Improving corporate diversity and tackling systemic racism are enormous societal tasks, but companies can and should try to effectively drive change by taking both internal and external steps, Beckwith said. Corporations like Salesforce are part of a larger global community and the actions they take can help move the needle on systemic issues. 

“We are all part of a global community, right? What impacts me as a black employee as part of a corporation and impacts me as a black woman living in West Oakland,” Beckwith said. “We’re all part of a larger systemic structure, a global economy as well. And so I think that when we solve for one, we’re open to solve for another.” 

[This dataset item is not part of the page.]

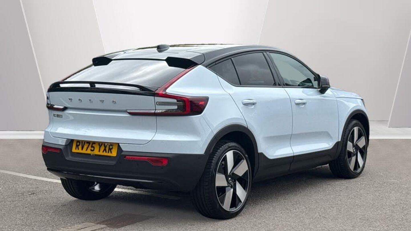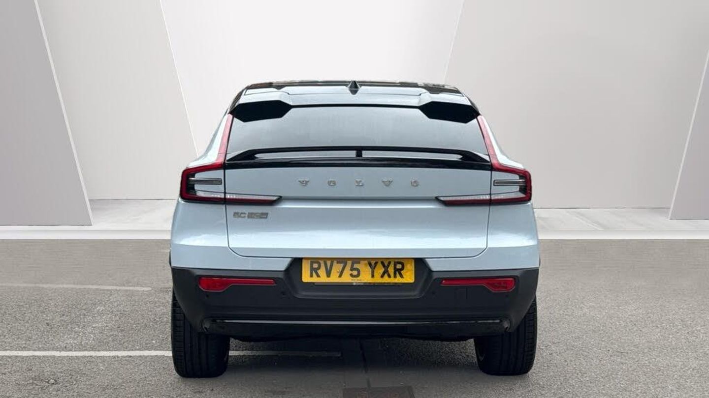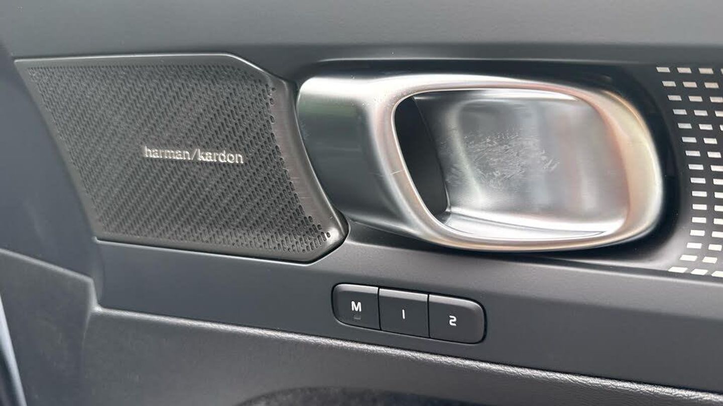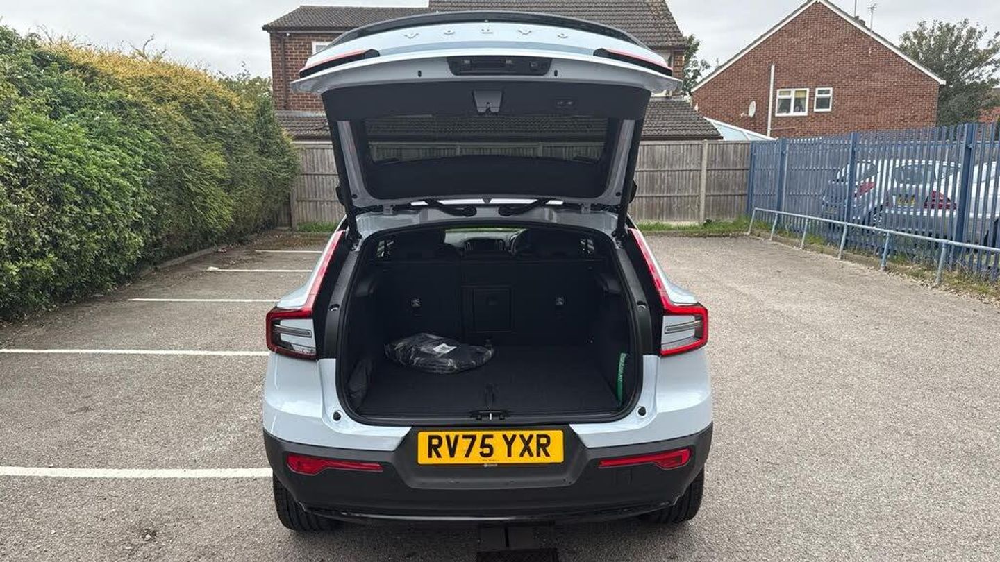 Sculpted gear shift, Roof top in contrast colour. Black Stone, Door mirror covers. high-gloss black, Cutting Edge aluminium decor, Fusion Microtech/Textile upholstery, Shift-by-wire single speed transmission, Two-zone climate system, Afterrun parking climate, Passenger airbag cut-off switch, Dual-stage airbags, Heat pump, Knee airbag. driver side, Panoramic roof. fixed, Charcoal headlining, Charcoal interior inserts, Road Sign Information, Lane Keeping Aid and Lane Departure Warning, Body coloured covered grille, Heated grill emblem, Pixel LED headlights, Headlight cleaning, Trailer lamp control, Fog lamps, 12.3-inch driver display, Google Assistant. Google Maps and Google Play Store, Adaptive cruise control, Intelligent Speed Assist (ISA), Volvo Cars App remote functions, Air-ventilated subwoofer, Digital Audio Broadcasting (DAB+), Harman Kardon Premium Sound, Power retractable door mirrors, Wireless phone charging, Automatic door locking, Remote key, Double locking, Tinted rear windows, BLIS? and Cross Traffic Alert, Alarm, Power child safety lock, Power tailgate, Keyless entry with hands-free power tailgate, Air purifier and remote cabin pre-cleaning, Folding bag hook, Digital owners manual, Power driver seat with memory, Power passenger seat, Heated front seats, Heated rear seats, Power folding rear head restraints, 5 seats, Mechanical release second seat row, Manual cushion extensions. driver and passenger, Power 4-way lumbar support, Textile interior cabin floor mats, Protection net, Foldable load floor with cargo divider and grocery bag, Rear centre armrest, i-Size/ISOFIX mounting points. front seat, Illuminated vanity mirrors, Interior illumination. high level, First-aid kit, Auto-dimmed rear view mirrors, Front centre armrest, Front load compartment, Glossy black tunnel console, Touring chassis, Hill Start Assist, Tyre pressure monitoring, Oncoming Lane Mitigation, Rear Collision Warning, Hill Descent Control, Slippery road alert, Emergency brake light, Heated steering wheel, Tailored sport steering wheel. Charcoal, Adaptive power steering, 20? 5-spoke glossy black diamond cut. rear, Temporary mobility kit, Lockable wheel bolts, Body-coloured door handles with ground lighting, High-gloss black side window trim, Warning triangle, EC40 aluminium front tread plates, Without rear engine emblem, Tempered side and rear windows, Rain sensor, Park assist. front. rear and sides, Whiplash injury protection, Inflatable Curtain, Side impact protection, ISOFIX mounting points. rear seat, Steering wheel remote control, Humidity sensor, Bluetooth® connection, Safety belts, Android Auto, Pilot Assist, Plug & Charge, Electric cabin heater and cooler, 360° camera, Alcohol lock software (not available in the UK), Protective cap kit. Matt Tech Grey, Apple CarPlay, Comfort front seats, 9-inch centre display, Charging station cable. 6m

Corporations need philanthropy accompanied by concrete actions

The key to being an effective corporate change-maker is to constantly keep the company’s values at the forefront of all discussions, Beckwith said. The on-going pandemic paired with civil unrest over systemic racism has made this an uncomfortable time for people, but addressing issues requires talking about them, she said. In recent weeks, Salesforce has initiated conversations with employees about systemic racism, unconscious bias, and how to be an ally, including some outward-facing events that customers and partners can also attend. 

To drive it’s actions around equality and racial justice, Salesforce formed a task force that includes company leaders  from its equality, recruiting, procurement, and government affairs teams, like Beckwith and Salesforce’s head of equality and recruiting Tony Prophet. The task force itself is one way Salesforce plans to keep the conversation going, as it provides updates to employees and externally to the actions its outlined.

One benefit of asking employees to dedicate time to philanthropy and volunteering is that employees are kept aware that there is always more to be done both outside and inside the company and, as a result, feel empowered to help drive change. For example, an employee recently reached out to Beckwith’s team about how to do more to help those impacted by the pandemic. After several discussions, Salesforce launched a new partnership with the nonprofit Eat. Learn. Play. to provide low-income, minority families in Oakland with produce from local farms, which Salesforce’s philanthropy arm jump-started with a $400,000 donation. 

Leaning on employees for ideas can help spur change because the more people involved, the more ideas can be considered, Beckwith said. “Lean in to employees in the company and to leaders in the community,” she said.

Ultimately, Beckwith’s advice is simple:  “Do something. Every little bit helps.”